[Items listed in a dataset]
-- Opening Marker --
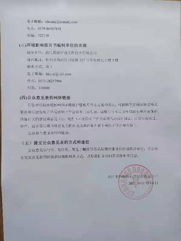 根據(jù)《中華人民共和國環(huán)境影響評價法》及《環(huán)境影響評價公眾參與辦法》(生態(tài)環(huán)境部令第4號)等相關(guān)規(guī)定,現(xiàn)將浙江新納材料科技股份有限公司白炭黑研發(fā)基地建設(shè)項目環(huán)境影響評價的有關(guān)信息予以公告,并征求公眾意見。
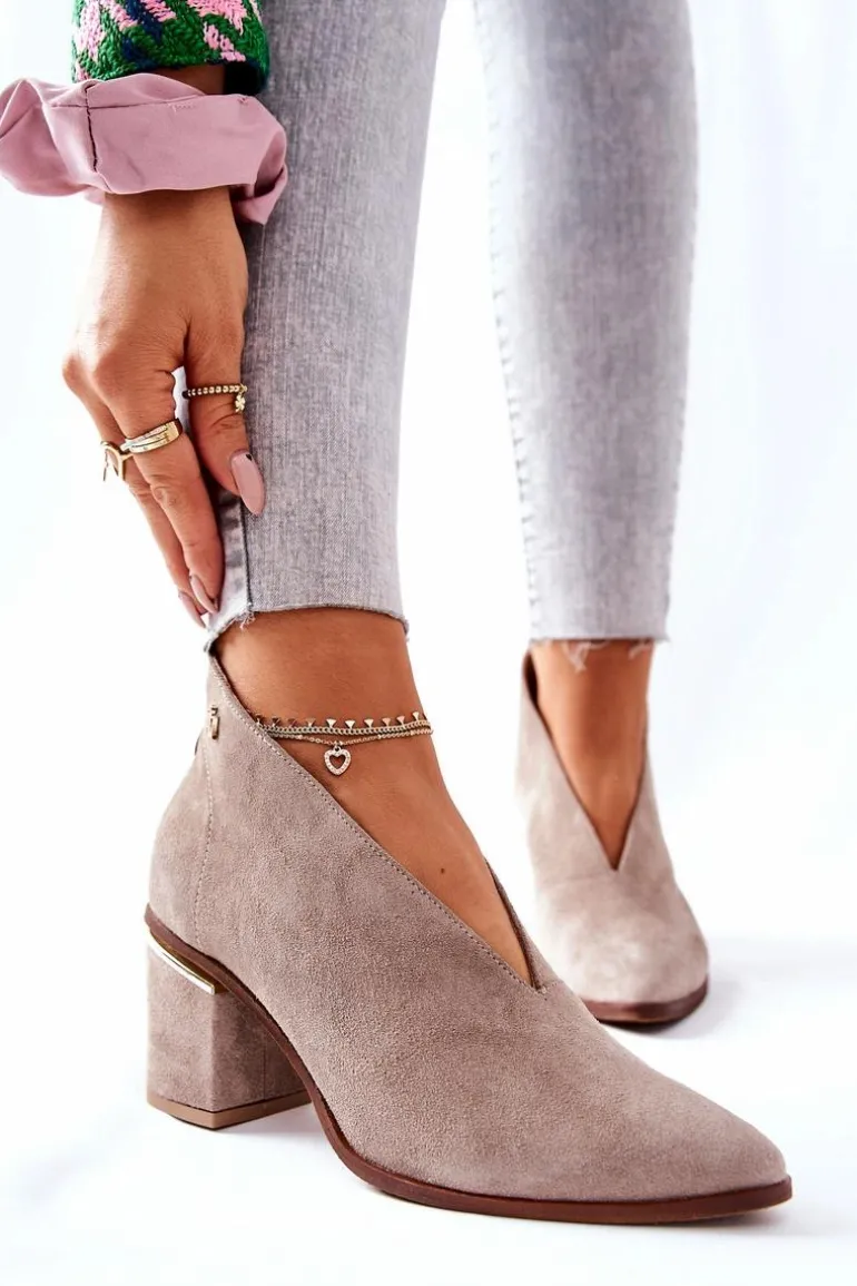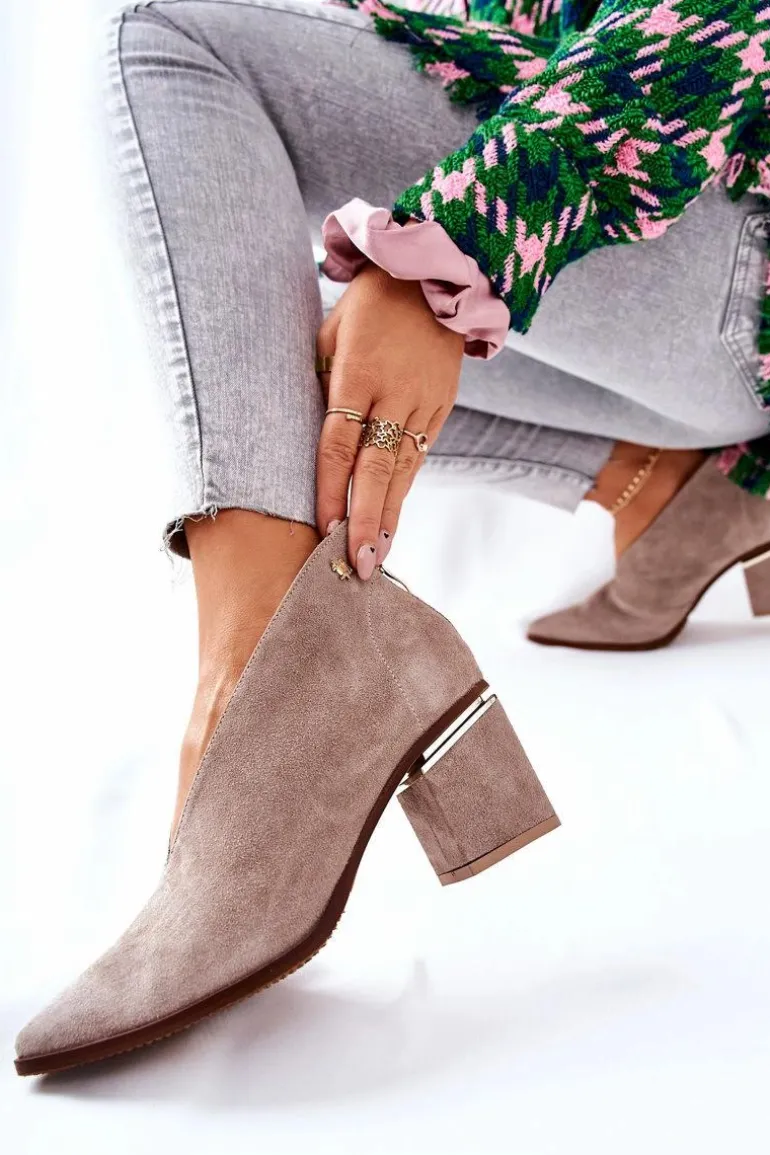 Eleganckie botki dodadzą Twoim stylizacjom klasy i szyku. Wycięta cholewka pięknie wyeksponuje nogi. Stabilny obcas posiada ozdobny element. Nosek w szpic. Z tyłu na botkach znajduje się suwak. Buty na zewnątrz oraz w środku sa wykonane z naturalnej skóry. Nie przegap okazji! Pora na nowe buty! Przy wyborze rozmiaru prosimy sugerować się tabelą rozmiarów.
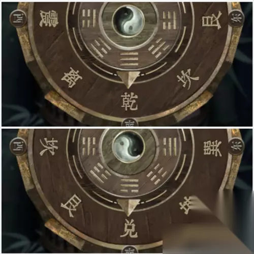 把人头和纸寿衣放在半成品框架上,得到女纸人。 接着根据之前风水秘术的线索,八卦与五行相关,按照金木水火土的顺序,点开八卦盘,分别来到竹子上的鸟笼(金),点鸟笼八卦盘显示干+兑
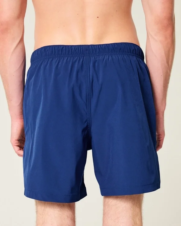 Shorter-length swim trunks that hit mid-thigh. Featuring comfortable 4-way stretch swim fabric and a 6" inseam. Pockets, drawstring waist, embroidered Huntington Beach graphic
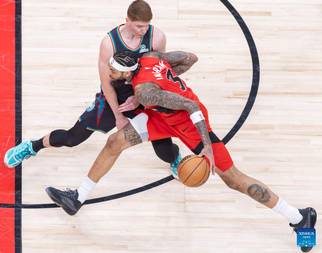 Brandon Ingram (R) of Toronto Raptors breaks through during the 2025-2026 NBA regular season game between Toronto Raptors and Detroit Pistons in Toronto, Canada, on March 15, 2026. (Photo by Zou Zheng/Xinhua)
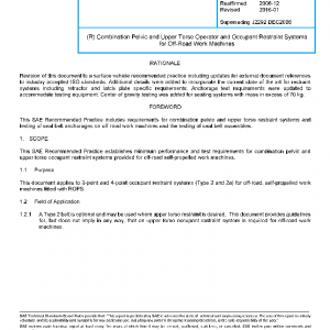 This SAE Recommended Practice establishes minimum performance and test requirements for combination pelvic and upper torso occupant restraint systems provided for off-road self-propelled work machines.
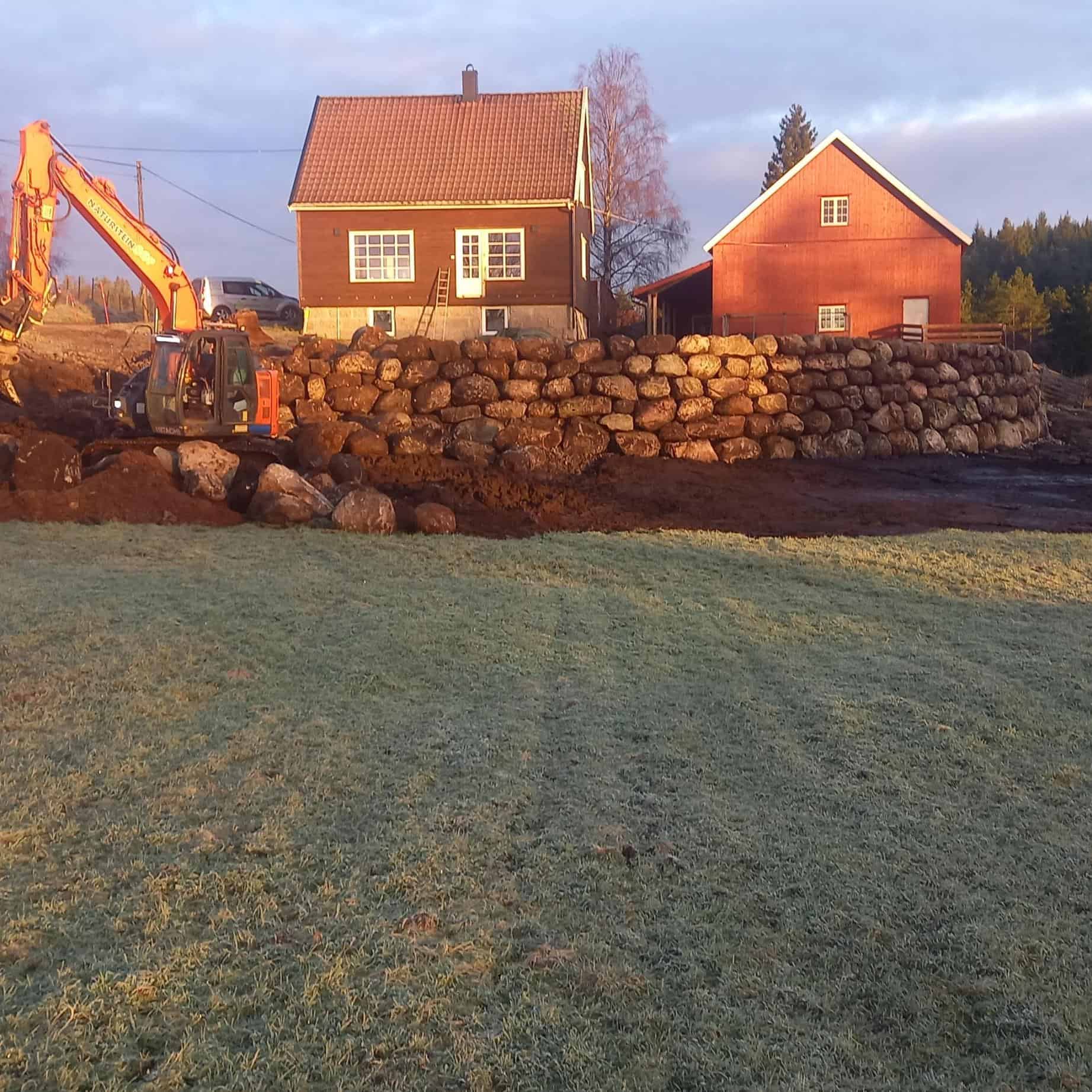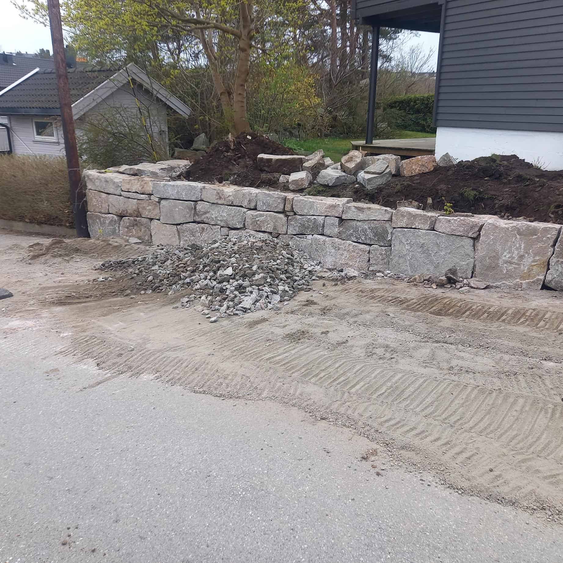 Vi setter opp natursteinsmurer i ulike størrelser og stiler. Steinen håndteres med gravemaskin, rotortilt og klype for presis plassering og et solid resultat. Murene brukes til terrengtilpasning, støttemurer og trapper. Vi tilbyr løsninger i flere prisklasser, og arbeidet kan utføres i én operasjon med utgraving, oppsetting og tilbakefylling.
-- Closing Marker --
- [Directions]: Reproduce the data above exactly, but only the lines from the one showing "Brandon Ingram (R)" through the one showing "This SAE Recommended", with both ends kept and the pictures left out.

- [Solved exercise]:
 Brandon Ingram (R) of Toronto Raptors breaks through during the 2025-2026 NBA regular season game between Toronto Raptors and Detroit Pistons in Toronto, Canada, on March 15, 2026. (Photo by Zou Zheng/Xinhua)
 This SAE Recommended Practice establishes minimum performance and test requirements for combination pelvic and upper torso occupant restraint systems provided for off-road self-propelled work machines.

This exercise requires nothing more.